**YOUR ASSIGNMENT**
Please copy all of the data that follows exactly, leaving any pictures out.

**DATA BLOCK**

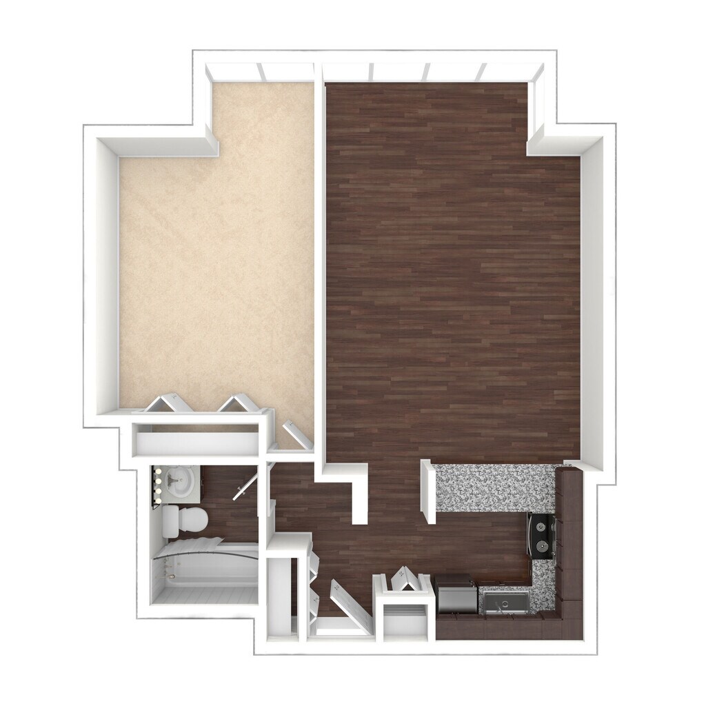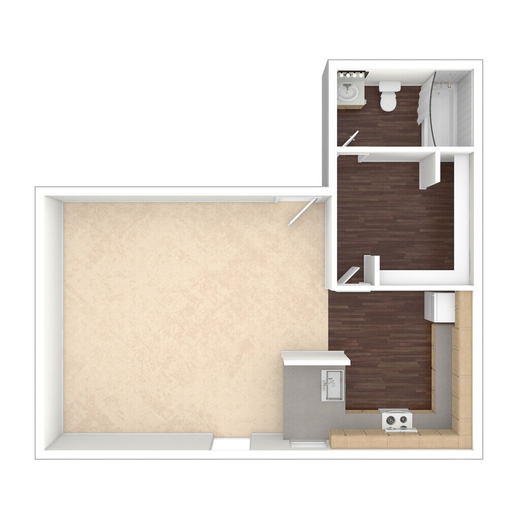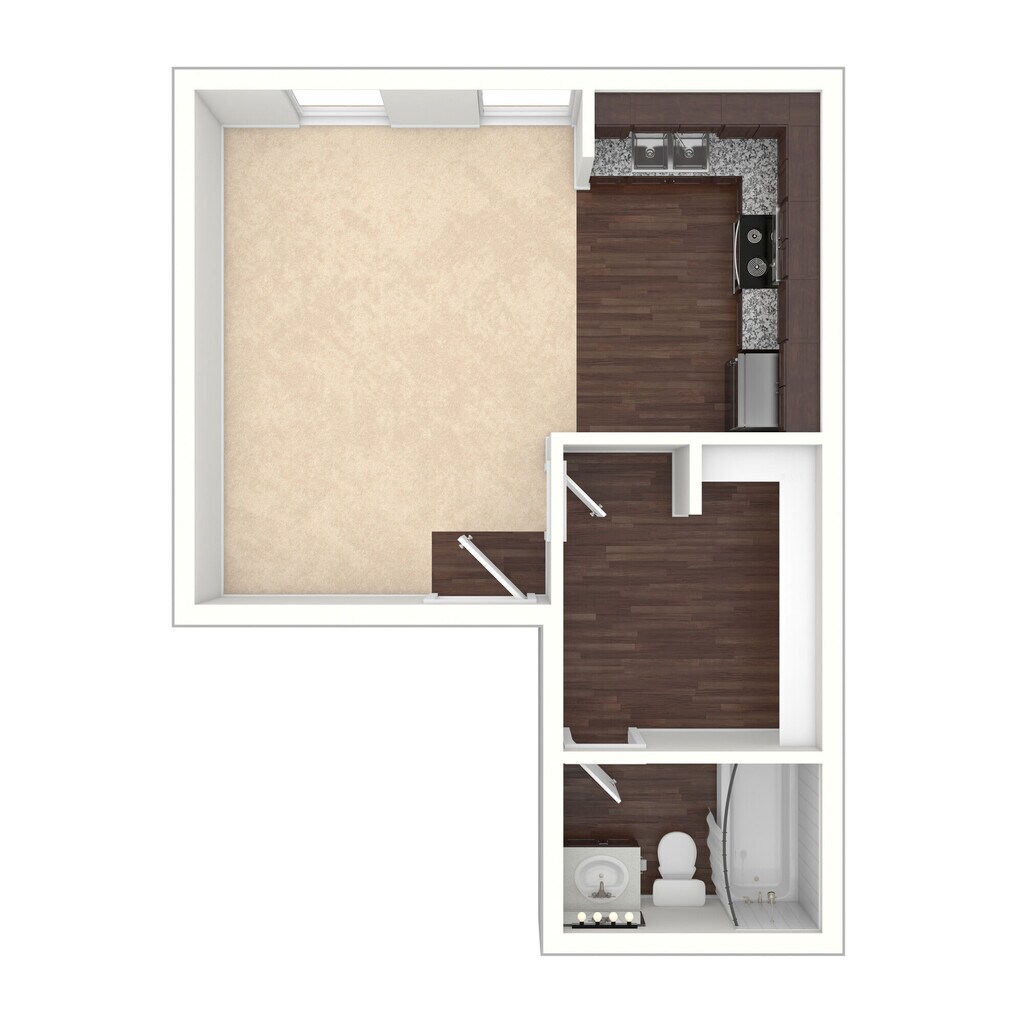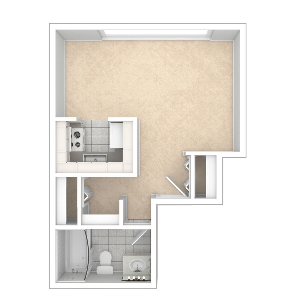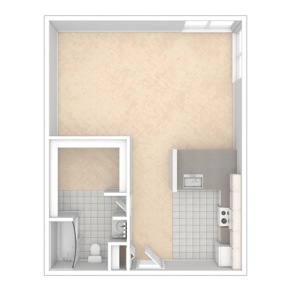 Modelo de apartamento: Studio - 411Desde $1,108Estudio, 1 Baño, 411 sq ftDisponible Ahora![]()
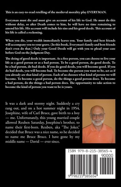 This is an easy-to-read retelling of the medieval morality play EVERYMAN. Everyman must die and must give an account of his life to God. He must do this without delay, so after Death comes to him, he will have no time remaining to amend his life. His account will include his sins and his good deeds. This account of his life is called a reckoning. When you die, your wealth immediately leaves you. Your family and best friends will accompany you to your grave. (In this book, Everyman's family and best friends don't even do that.) Only your Good Deeds will go with you to plead your case before God on the Judgment Day. Do you know a language other than English? If you do, I give you permission to translate this book, copyright your translation, publish or self-publish it, and keep all the royalties for yourself. (Do give me credit, of course, for the original retelling.) I would like to see my retellings of classic literature used in schools, so I give permission to the country of Finland (and all other countries) to give copies of any or all of my retellings to all students forever. I also give permission to the state of Texas (and all other states) to give copies of any or all of my retellings to all students forever. I also give permission to all teachers to give copies of any or all of my retellings to all students forever. Of course, libraries are welcome to use my eBooks for free. Teachers need not actually teach my retellings. Teachers are welcome to give students copies of my eBooks as background material. For example, if they are teaching Homer's Iliad and Odyssey, teachers are welcome to give students copies of my Virgil's Aeneid: A Retelling in Prose and tell students, "Here's another ancient epic you may want to read in your spare time."
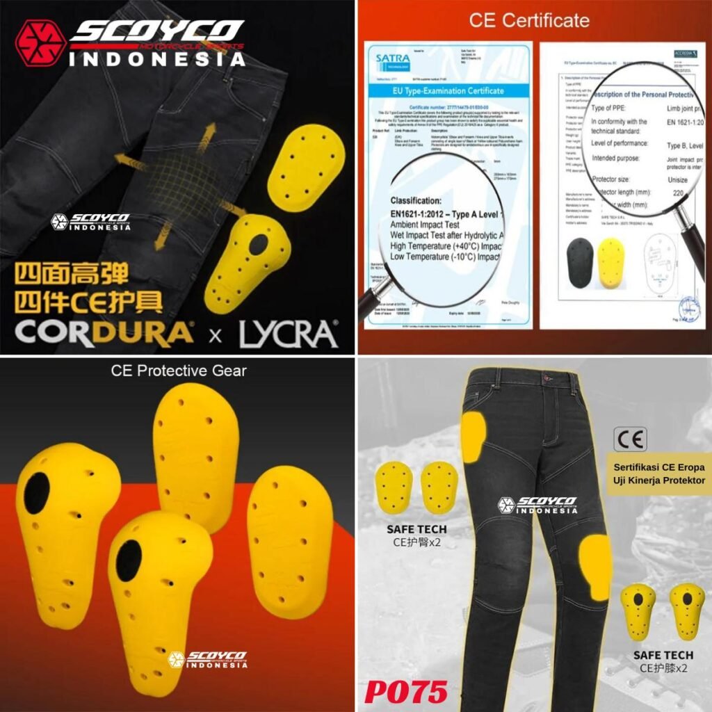 Celana ini dilengkapi dengan 2 pelindung pinggul dan 2 pelindung lutut bersertifikat CE (Certified Europe) yang berstandar Eropa dan dipasarkan di Eropa. Pelindung ini bisa dilepas-pasang sesuai kebutuhan.
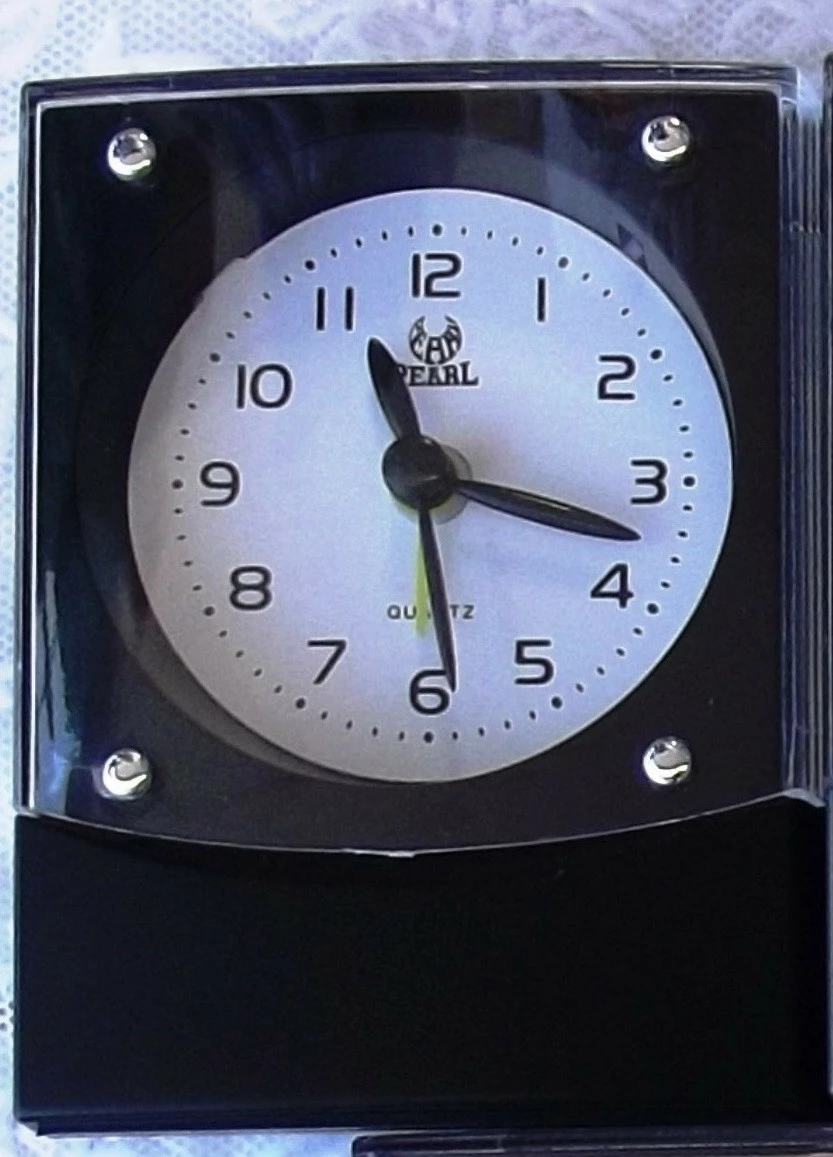 Часы выполнены в форме прямоугольника из пластика черного цвета. Циферблат белый . Есть подсветка / для просмотра времени ночью /, кнопка находится c тыльной стороны. Продолжительность работы сигнала будильника до 30 минут, отключается сзади.Так же в часах имеется функция повтора звонка через 5 мин . Для этого во время работы будильника , необходимо нажать на клавишу подсветки , звонок отключится , но через 5 мин опять сработает . Эту процедуру можно повторять многократно . Механизм кварцевый,на одной пальчиковой батарейке /элемент питания А А /.

**SOLUTION TO THIS EXERCISE**
 Modelo de apartamento: Studio - 411Desde $1,108Estudio, 1 Baño, 411 sq ftDisponible Ahora![]()
 This is an easy-to-read retelling of the medieval morality play EVERYMAN. Everyman must die and must give an account of his life to God. He must do this without delay, so after Death comes to him, he will have no time remaining to amend his life. His account will include his sins and his good deeds. This account of his life is called a reckoning. When you die, your wealth immediately leaves you. Your family and best friends will accompany you to your grave. (In this book, Everyman's family and best friends don't even do that.) Only your Good Deeds will go with you to plead your case before God on the Judgment Day. Do you know a language other than English? If you do, I give you permission to translate this book, copyright your translation, publish or self-publish it, and keep all the royalties for yourself. (Do give me credit, of course, for the original retelling.) I would like to see my retellings of classic literature used in schools, so I give permission to the country of Finland (and all other countries) to give copies of any or all of my retellings to all students forever. I also give permission to the state of Texas (and all other states) to give copies of any or all of my retellings to all students forever. I also give permission to all teachers to give copies of any or all of my retellings to all students forever. Of course, libraries are welcome to use my eBooks for free. Teachers need not actually teach my retellings. Teachers are welcome to give students copies of my eBooks as background material. For example, if they are teaching Homer's Iliad and Odyssey, teachers are welcome to give students copies of my Virgil's Aeneid: A Retelling in Prose and tell students, "Here's another ancient epic you may want to read in your spare time."
 Celana ini dilengkapi dengan 2 pelindung pinggul dan 2 pelindung lutut bersertifikat CE (Certified Europe) yang berstandar Eropa dan dipasarkan di Eropa. Pelindung ini bisa dilepas-pasang sesuai kebutuhan.
 Часы выполнены в форме прямоугольника из пластика черного цвета. Циферблат белый . Есть подсветка / для просмотра времени ночью /, кнопка находится c тыльной стороны. Продолжительность работы сигнала будильника до 30 минут, отключается сзади.Так же в часах имеется функция повтора звонка через 5 мин . Для этого во время работы будильника , необходимо нажать на клавишу подсветки , звонок отключится , но через 5 мин опять сработает . Эту процедуру можно повторять многократно . Механизм кварцевый,на одной пальчиковой батарейке /элемент питания А А /.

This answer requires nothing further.